◆ Problem description
From the top of the records below down to the line containing "5.油溫六成熱下鍋炸絲瓜,稍微炸下就可以,炸至變色即可撈出。", reproduce every line exactly.

**********

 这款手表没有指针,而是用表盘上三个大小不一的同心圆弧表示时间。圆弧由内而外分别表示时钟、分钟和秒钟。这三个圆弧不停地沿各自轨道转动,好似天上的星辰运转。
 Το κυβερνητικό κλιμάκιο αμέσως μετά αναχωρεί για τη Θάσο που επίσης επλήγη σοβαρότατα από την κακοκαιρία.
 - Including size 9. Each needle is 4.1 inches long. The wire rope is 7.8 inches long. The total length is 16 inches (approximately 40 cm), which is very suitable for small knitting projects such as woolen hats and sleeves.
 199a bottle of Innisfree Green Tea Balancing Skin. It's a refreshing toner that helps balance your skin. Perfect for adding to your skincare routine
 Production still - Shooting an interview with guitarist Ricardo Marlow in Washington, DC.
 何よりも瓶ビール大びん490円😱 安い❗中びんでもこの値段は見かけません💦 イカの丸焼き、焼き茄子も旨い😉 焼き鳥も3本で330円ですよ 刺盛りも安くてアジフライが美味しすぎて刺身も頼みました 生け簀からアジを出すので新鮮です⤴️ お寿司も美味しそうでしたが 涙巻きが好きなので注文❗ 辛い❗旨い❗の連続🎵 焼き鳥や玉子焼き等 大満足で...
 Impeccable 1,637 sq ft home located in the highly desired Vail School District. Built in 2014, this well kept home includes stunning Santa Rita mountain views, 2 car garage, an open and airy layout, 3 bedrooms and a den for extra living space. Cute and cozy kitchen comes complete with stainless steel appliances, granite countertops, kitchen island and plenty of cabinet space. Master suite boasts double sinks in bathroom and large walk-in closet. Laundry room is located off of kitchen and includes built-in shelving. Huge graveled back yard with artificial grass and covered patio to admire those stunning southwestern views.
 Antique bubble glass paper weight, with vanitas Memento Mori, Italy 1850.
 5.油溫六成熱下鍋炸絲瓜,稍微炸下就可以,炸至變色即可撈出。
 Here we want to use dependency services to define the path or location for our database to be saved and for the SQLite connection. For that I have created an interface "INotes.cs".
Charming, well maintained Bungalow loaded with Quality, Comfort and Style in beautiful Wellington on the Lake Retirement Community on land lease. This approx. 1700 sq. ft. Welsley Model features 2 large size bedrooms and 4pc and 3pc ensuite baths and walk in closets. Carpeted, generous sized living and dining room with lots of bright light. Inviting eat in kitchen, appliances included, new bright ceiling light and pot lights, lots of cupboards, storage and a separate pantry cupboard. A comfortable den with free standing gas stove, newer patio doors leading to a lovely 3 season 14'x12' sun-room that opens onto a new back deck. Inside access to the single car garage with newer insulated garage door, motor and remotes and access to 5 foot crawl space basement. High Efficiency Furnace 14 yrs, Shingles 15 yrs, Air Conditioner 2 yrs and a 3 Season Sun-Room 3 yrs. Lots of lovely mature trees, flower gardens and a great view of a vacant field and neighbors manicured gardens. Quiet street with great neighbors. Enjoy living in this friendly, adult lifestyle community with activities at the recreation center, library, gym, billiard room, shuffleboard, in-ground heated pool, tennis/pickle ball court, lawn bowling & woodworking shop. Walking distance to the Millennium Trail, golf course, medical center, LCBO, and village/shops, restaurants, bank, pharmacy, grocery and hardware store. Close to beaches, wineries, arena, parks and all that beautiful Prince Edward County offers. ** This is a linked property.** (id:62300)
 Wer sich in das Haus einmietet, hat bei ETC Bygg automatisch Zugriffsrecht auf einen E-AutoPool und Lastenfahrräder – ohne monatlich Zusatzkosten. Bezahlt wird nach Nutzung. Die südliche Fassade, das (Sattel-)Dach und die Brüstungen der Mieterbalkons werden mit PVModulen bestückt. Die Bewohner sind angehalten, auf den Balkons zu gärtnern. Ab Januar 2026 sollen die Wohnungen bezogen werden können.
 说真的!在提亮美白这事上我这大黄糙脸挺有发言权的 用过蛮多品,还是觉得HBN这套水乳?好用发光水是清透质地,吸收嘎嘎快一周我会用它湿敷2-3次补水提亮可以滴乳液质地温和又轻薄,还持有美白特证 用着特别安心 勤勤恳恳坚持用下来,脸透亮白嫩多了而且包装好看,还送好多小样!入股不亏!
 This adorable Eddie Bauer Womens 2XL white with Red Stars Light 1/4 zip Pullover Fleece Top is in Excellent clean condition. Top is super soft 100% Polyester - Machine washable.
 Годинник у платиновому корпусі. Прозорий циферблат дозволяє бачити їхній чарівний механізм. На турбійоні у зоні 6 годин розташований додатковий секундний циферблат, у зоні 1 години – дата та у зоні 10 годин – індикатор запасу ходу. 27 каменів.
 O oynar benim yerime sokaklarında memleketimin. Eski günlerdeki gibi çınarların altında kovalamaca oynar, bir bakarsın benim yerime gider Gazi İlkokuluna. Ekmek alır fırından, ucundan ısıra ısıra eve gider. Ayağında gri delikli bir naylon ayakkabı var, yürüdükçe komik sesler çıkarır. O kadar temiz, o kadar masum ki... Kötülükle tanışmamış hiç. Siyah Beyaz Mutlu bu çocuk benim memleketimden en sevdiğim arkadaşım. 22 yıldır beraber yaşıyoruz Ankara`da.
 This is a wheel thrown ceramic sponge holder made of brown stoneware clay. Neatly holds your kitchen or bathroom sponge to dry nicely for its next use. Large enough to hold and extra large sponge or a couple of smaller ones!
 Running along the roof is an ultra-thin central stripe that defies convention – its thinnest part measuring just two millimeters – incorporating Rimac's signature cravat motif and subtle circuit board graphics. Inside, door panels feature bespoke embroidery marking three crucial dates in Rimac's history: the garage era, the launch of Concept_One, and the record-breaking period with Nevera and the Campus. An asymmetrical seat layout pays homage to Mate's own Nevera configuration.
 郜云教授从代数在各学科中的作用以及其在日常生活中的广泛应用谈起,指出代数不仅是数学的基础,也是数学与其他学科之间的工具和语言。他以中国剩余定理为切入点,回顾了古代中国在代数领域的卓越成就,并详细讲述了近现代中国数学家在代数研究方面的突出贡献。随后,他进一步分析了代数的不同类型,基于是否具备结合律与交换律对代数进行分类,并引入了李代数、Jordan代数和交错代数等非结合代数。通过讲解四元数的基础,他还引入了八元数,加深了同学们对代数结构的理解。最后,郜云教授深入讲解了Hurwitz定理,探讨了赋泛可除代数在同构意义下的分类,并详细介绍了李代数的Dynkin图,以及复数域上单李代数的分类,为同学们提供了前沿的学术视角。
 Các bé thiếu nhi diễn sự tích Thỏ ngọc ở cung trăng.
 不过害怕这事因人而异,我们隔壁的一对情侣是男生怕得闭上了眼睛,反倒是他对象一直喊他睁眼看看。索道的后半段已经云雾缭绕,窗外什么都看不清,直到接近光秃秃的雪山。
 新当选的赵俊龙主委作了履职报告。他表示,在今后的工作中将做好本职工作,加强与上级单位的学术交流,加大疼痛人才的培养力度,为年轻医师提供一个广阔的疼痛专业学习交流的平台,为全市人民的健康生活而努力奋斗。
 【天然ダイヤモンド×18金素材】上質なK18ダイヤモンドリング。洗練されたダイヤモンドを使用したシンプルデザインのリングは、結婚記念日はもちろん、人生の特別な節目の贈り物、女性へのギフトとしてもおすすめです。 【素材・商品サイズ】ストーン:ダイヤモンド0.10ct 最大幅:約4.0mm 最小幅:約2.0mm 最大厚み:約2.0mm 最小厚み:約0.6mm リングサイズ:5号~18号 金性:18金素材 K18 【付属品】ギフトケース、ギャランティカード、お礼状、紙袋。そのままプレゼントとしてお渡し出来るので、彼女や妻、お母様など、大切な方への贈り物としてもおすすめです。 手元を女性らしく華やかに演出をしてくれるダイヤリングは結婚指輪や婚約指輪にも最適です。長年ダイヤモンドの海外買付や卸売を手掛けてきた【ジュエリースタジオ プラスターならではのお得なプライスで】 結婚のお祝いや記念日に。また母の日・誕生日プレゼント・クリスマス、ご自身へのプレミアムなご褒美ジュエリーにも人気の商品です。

**********

◆ Expected output
 这款手表没有指针,而是用表盘上三个大小不一的同心圆弧表示时间。圆弧由内而外分别表示时钟、分钟和秒钟。这三个圆弧不停地沿各自轨道转动,好似天上的星辰运转。
 Το κυβερνητικό κλιμάκιο αμέσως μετά αναχωρεί για τη Θάσο που επίσης επλήγη σοβαρότατα από την κακοκαιρία.
 - Including size 9. Each needle is 4.1 inches long. The wire rope is 7.8 inches long. The total length is 16 inches (approximately 40 cm), which is very suitable for small knitting projects such as woolen hats and sleeves.
 199a bottle of Innisfree Green Tea Balancing Skin. It's a refreshing toner that helps balance your skin. Perfect for adding to your skincare routine
 Production still - Shooting an interview with guitarist Ricardo Marlow in Washington, DC.
 何よりも瓶ビール大びん490円😱 安い❗中びんでもこの値段は見かけません💦 イカの丸焼き、焼き茄子も旨い😉 焼き鳥も3本で330円ですよ 刺盛りも安くてアジフライが美味しすぎて刺身も頼みました 生け簀からアジを出すので新鮮です⤴️ お寿司も美味しそうでしたが 涙巻きが好きなので注文❗ 辛い❗旨い❗の連続🎵 焼き鳥や玉子焼き等 大満足で...
 Impeccable 1,637 sq ft home located in the highly desired Vail School District. Built in 2014, this well kept home includes stunning Santa Rita mountain views, 2 car garage, an open and airy layout, 3 bedrooms and a den for extra living space. Cute and cozy kitchen comes complete with stainless steel appliances, granite countertops, kitchen island and plenty of cabinet space. Master suite boasts double sinks in bathroom and large walk-in closet. Laundry room is located off of kitchen and includes built-in shelving. Huge graveled back yard with artificial grass and covered patio to admire those stunning southwestern views.
 Antique bubble glass paper weight, with vanitas Memento Mori, Italy 1850.
 5.油溫六成熱下鍋炸絲瓜,稍微炸下就可以,炸至變色即可撈出。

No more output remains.